DATA EXTRACT:
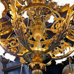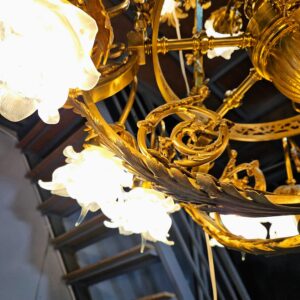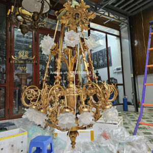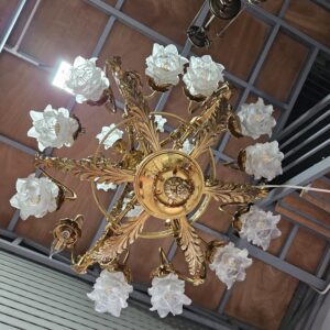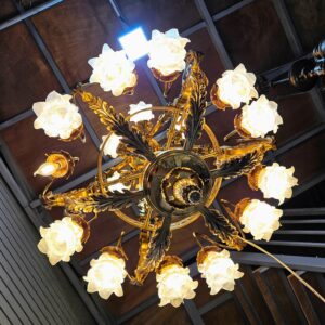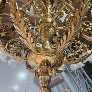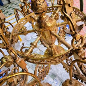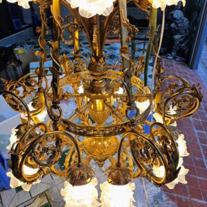 Đèn chùm Pháp, đèn bằng đồng lacke vàng rất đẹp. Đèn 18 ngọn 2 tầng, tầng dưới 12, tầng trên 6 ngọn.
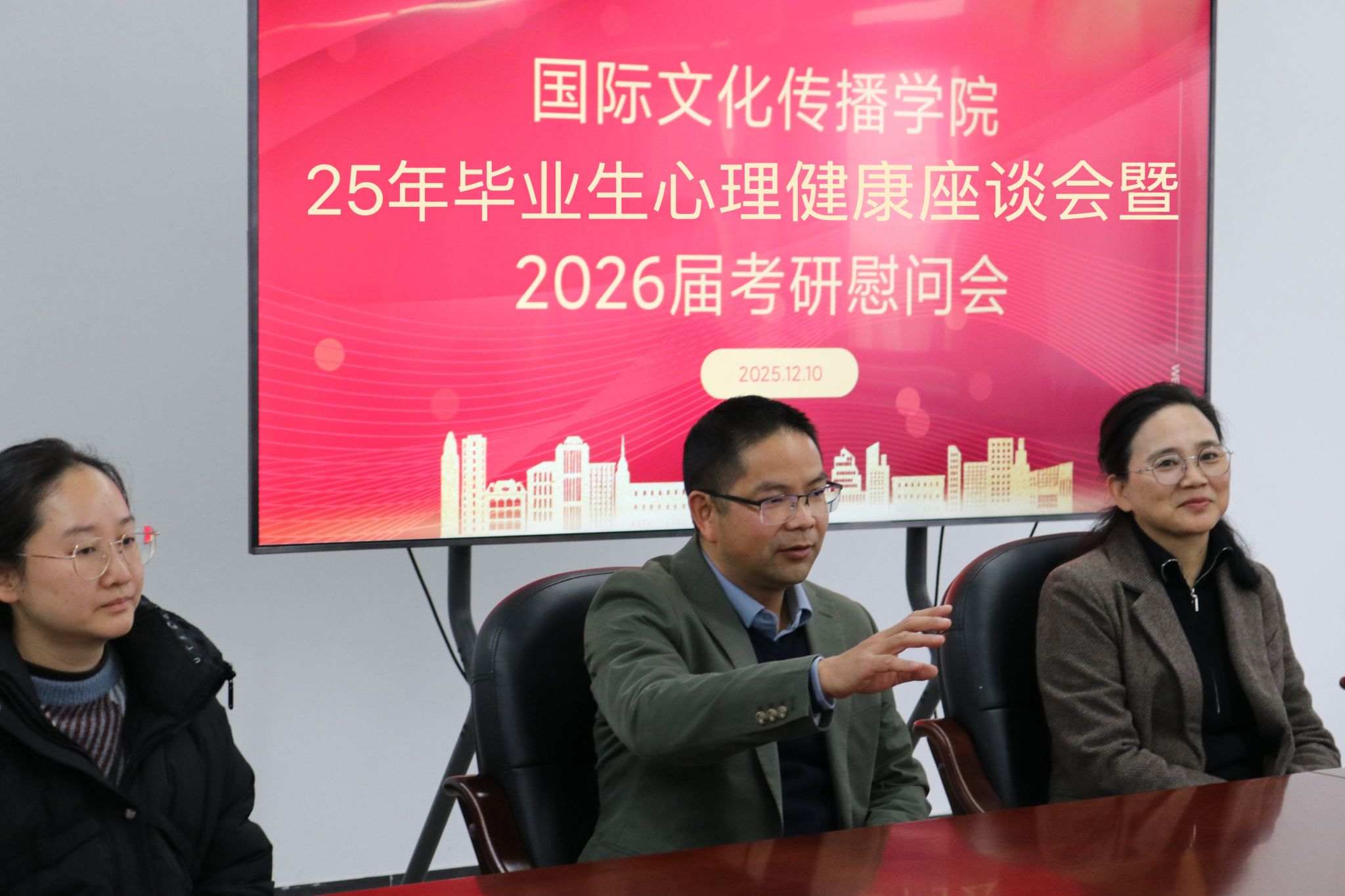 活动伊始,陈斌书记代表学院对全体毕业生表示深切关怀。他指出,毕业阶段是人生重要的转折期,无论是选择就业、升学还是其他发展路径,都伴随着期待与压力。学院始终是同学们最坚实的后盾,“国传驿家”心理辅导站将持续开放,为同学们提供倾诉、疏导与支持的空间。他鼓励同学们积极面对变化,学会调适情绪,保持积极心态,并提醒大家在寒冷季节注意身体健康,以最佳状态迎接人生新阶段。
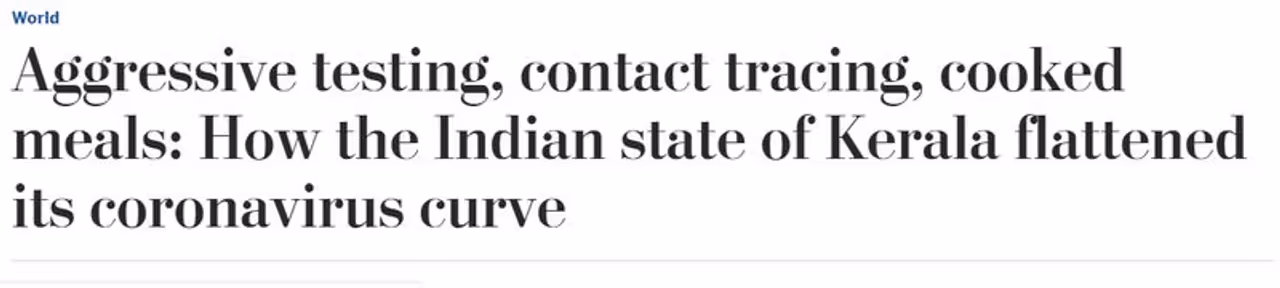 ദില്ലി: കൊറോണ വൈറസ് എന്ന മഹാമാരിയെ ഫലപ്രദമായി നേരിട്ട കേരളത്തിന്റെ പ്രവർത്തനങ്ങളെ പ്രകീർത്തിച്ച് പ്രമുഖ രാജ്യാന്തര മാധ്യമമായ വാഷിങ്ടൺ പോസ്റ്റ്. കൊവിഡിനെതിരെ കേരളാ സർക്കാർ സ്വീകരിച്ച നടപടികളെയും തീരുമാനങ്ങളെയും റിപ്പോർട്ടിൽ വിശദമായി വിലയിരുത്തുന്നു.
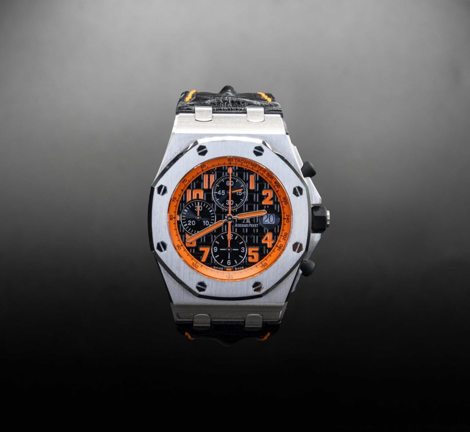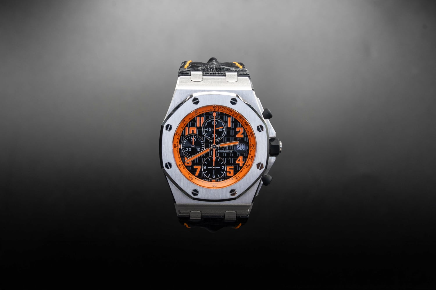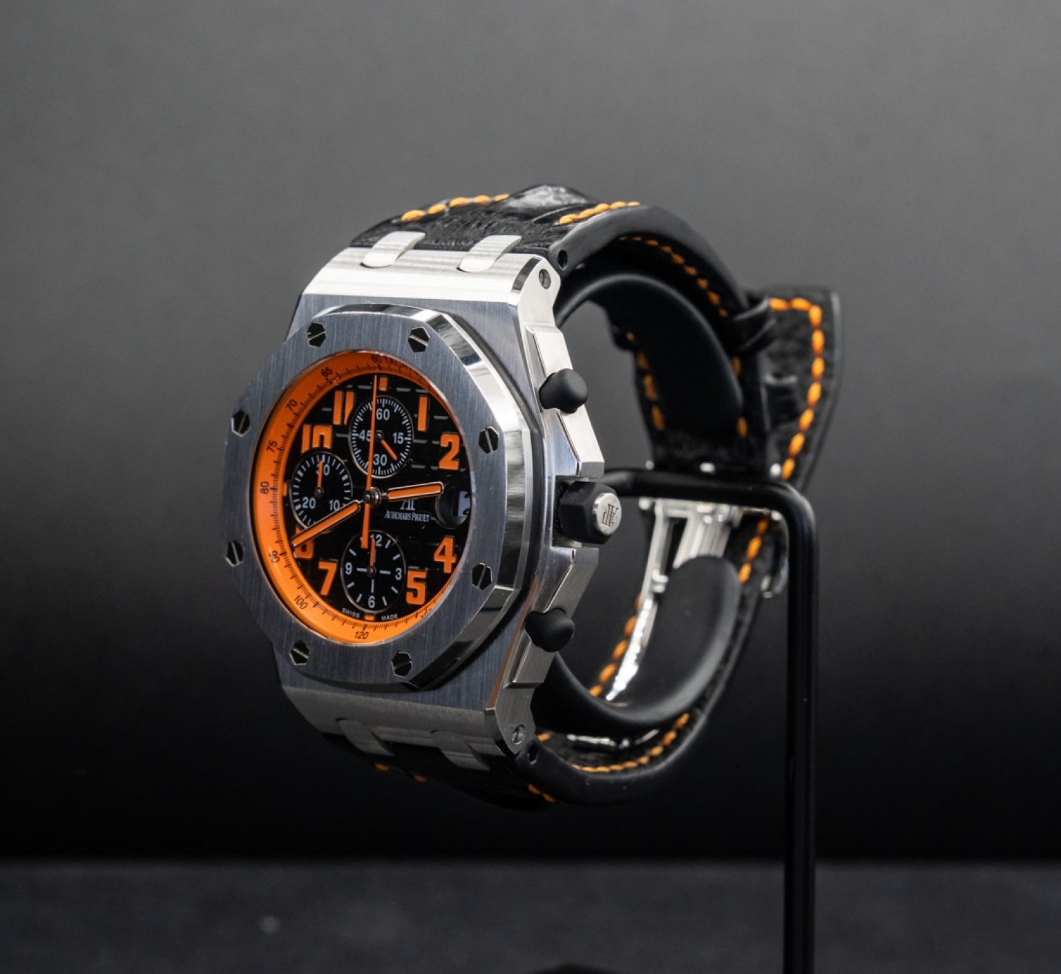 Bold, dynamic, and unmistakably iconic — the Audemars Piguet Royal Oak Offshore “Volcano” is built for those who thrive on intensity. With its striking black and orange color scheme, this chronograph fuses high-performance Swiss engineering with an adrenaline-fueled design. Housed in a 42 mm stainless steel case and powered by AP’s renowned automatic movement, it’s more than a timepiece — it’s a statement. Whether on the wrist of a collector or an enthusiast of speed and style, the Volcano dominates every second it tracks.

YOUR OBJECTIVE: Leave the pictures out and output all of the data verbatim.

TASK SOLUTION:
 Đèn chùm Pháp, đèn bằng đồng lacke vàng rất đẹp. Đèn 18 ngọn 2 tầng, tầng dưới 12, tầng trên 6 ngọn.
 活动伊始,陈斌书记代表学院对全体毕业生表示深切关怀。他指出,毕业阶段是人生重要的转折期,无论是选择就业、升学还是其他发展路径,都伴随着期待与压力。学院始终是同学们最坚实的后盾,“国传驿家”心理辅导站将持续开放,为同学们提供倾诉、疏导与支持的空间。他鼓励同学们积极面对变化,学会调适情绪,保持积极心态,并提醒大家在寒冷季节注意身体健康,以最佳状态迎接人生新阶段。
 ദില്ലി: കൊറോണ വൈറസ് എന്ന മഹാമാരിയെ ഫലപ്രദമായി നേരിട്ട കേരളത്തിന്റെ പ്രവർത്തനങ്ങളെ പ്രകീർത്തിച്ച് പ്രമുഖ രാജ്യാന്തര മാധ്യമമായ വാഷിങ്ടൺ പോസ്റ്റ്. കൊവിഡിനെതിരെ കേരളാ സർക്കാർ സ്വീകരിച്ച നടപടികളെയും തീരുമാനങ്ങളെയും റിപ്പോർട്ടിൽ വിശദമായി വിലയിരുത്തുന്നു.
 Bold, dynamic, and unmistakably iconic — the Audemars Piguet Royal Oak Offshore “Volcano” is built for those who thrive on intensity. With its striking black and orange color scheme, this chronograph fuses high-performance Swiss engineering with an adrenaline-fueled design. Housed in a 42 mm stainless steel case and powered by AP’s renowned automatic movement, it’s more than a timepiece — it’s a statement. Whether on the wrist of a collector or an enthusiast of speed and style, the Volcano dominates every second it tracks.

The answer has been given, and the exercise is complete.